本篇分析加载配置文件后各个组件是如何运行的?

  加载完配置文件订阅者Application类会收到订阅信息执行:

  @Subscribe
  public synchronized void handleConfigurationEvent(MaterializedConfiguration conf) {
    stopAllComponents();
    startAllComponents(conf);
  }

  MaterializedConfiguration conf就是getConfiguration()方法获取的配置信息,是SimpleMaterializedConfiguration的一个实例。

  handleConfigurationEvent方法在前面章节(一)中有过大致分析,包括:stopAllComponents()和startAllComponents(conf)。Application中的materializedConfiguration就是MaterializedConfiguration
conf,stopAllComponents()方法中的materializedConfiguration是旧的配置信息,需要先停掉旧的组件,然后startAllComponents(conf)将新的配置信息赋给materializedConfiguration并依次启动各个组件。
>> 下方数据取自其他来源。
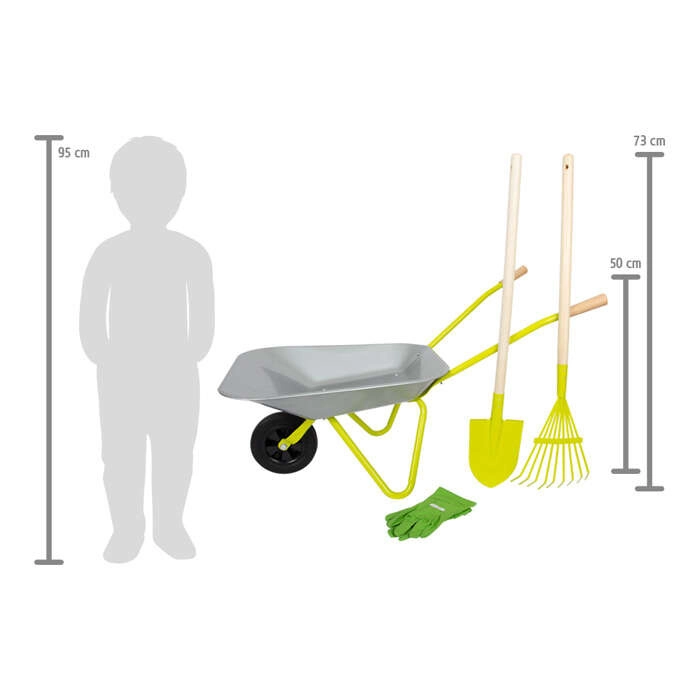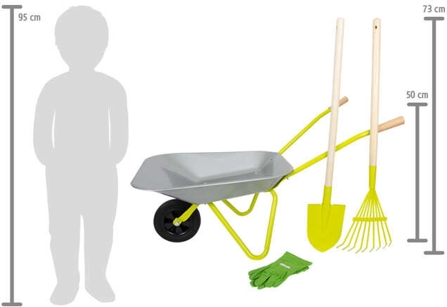 - Dimensioni pratiche: carriola ca. 79 × 36 × 50 cm, altezza delle maniglie 50 cm; lunghezza di pala e rastrello ca. 73 cm.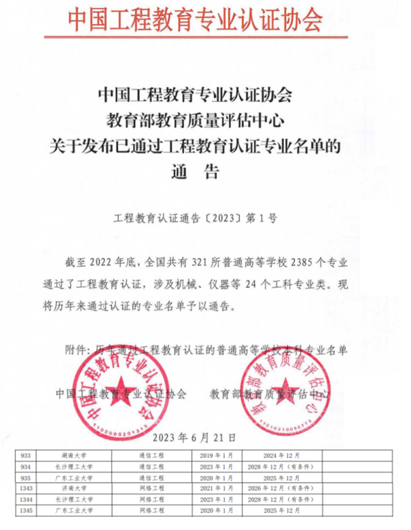 近日,中国工程教育专业认证协会公布了2022年通过工程教育专业认证的专业认证结论,全国高校共有441个专业通过了工程教育认证。MG冰球官网通信工程、网络工程等2个专业位列其中,认证有效期6年(2023年1月至2028年12月)。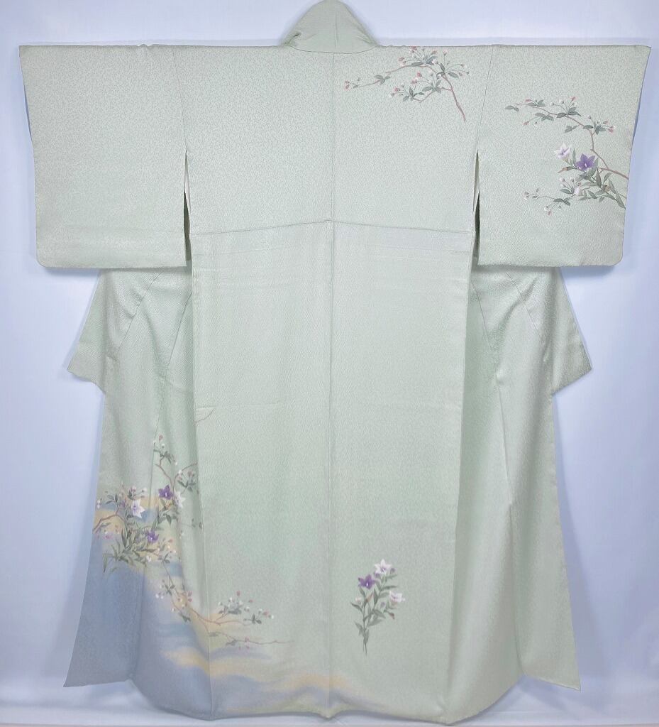 そごう謹製 手描き友禅 桔梗 訪問着 花柄 正絹 黄緑 水色 パステルグリーン 778

  1、先看startAllComponents(conf)方法。代码如下:

private void startAllComponents(MaterializedConfiguration materializedConfiguration) {//启动所有组件最基本的三大组件
    logger.info("Starting new configuration:{}", materializedConfiguration);

    this.materializedConfiguration = materializedConfiguration;

    for (Entry<String, Channel> entry :
      materializedConfiguration.getChannels().entrySet()) {
      try{
        logger.info("Starting Channel " + entry.getKey());
        supervisor.supervise(entry.getValue(),
            new SupervisorPolicy.AlwaysRestartPolicy(), LifecycleState.START);
      } catch (Exception e){
        logger.error("Error while starting {}", entry.getValue(), e);
      }
    }

    /*
     * Wait for all channels to start.等待所有channel启动完毕
     */
    for(Channel ch: materializedConfiguration.getChannels().values()){
      while(ch.getLifecycleState() != LifecycleState.START
          && !supervisor.isComponentInErrorState(ch)){
        try {
          logger.info("Waiting for channel: " + ch.getName() +
              " to start. Sleeping for 500 ms");
          Thread.sleep(500);
        } catch (InterruptedException e) {
          logger.error("Interrupted while waiting for channel to start.", e);
          Throwables.propagate(e);
        }
      }
    }

    for (Entry<String, SinkRunner> entry : materializedConfiguration.getSinkRunners()
        .entrySet()) {        //启动所有sink
      try{
        logger.info("Starting Sink " + entry.getKey());
        supervisor.supervise(entry.getValue(),
          new SupervisorPolicy.AlwaysRestartPolicy(), LifecycleState.START);
      } catch (Exception e) {
        logger.error("Error while starting {}", entry.getValue(), e);
      }
    }

    for (Entry<String, SourceRunner> entry : materializedConfiguration
        .getSourceRunners().entrySet()) {//启动所有source
      try{
        logger.info("Starting Source " + entry.getKey());
        supervisor.supervise(entry.getValue(),
          new SupervisorPolicy.AlwaysRestartPolicy(), LifecycleState.START);
      } catch (Exception e) {
        logger.error("Error while starting {}", entry.getValue(), e);
      }
    }

    this.loadMonitoring();
  }

  三大组件都是通过supervisor.supervise(entry.getValue(),new SupervisorPolicy.AlwaysRestartPolicy(), LifecycleState.START)启动的,其中,channel启动之后还要待所有的channel完全启动完毕之后才可再去启动sink和source。如果channel没有启动完毕就去启动另外俩组件,会出现错误,以为一旦sink或者source建立完毕就会立即与channel通信获取数据。稍后会分别分析sink和source的启动。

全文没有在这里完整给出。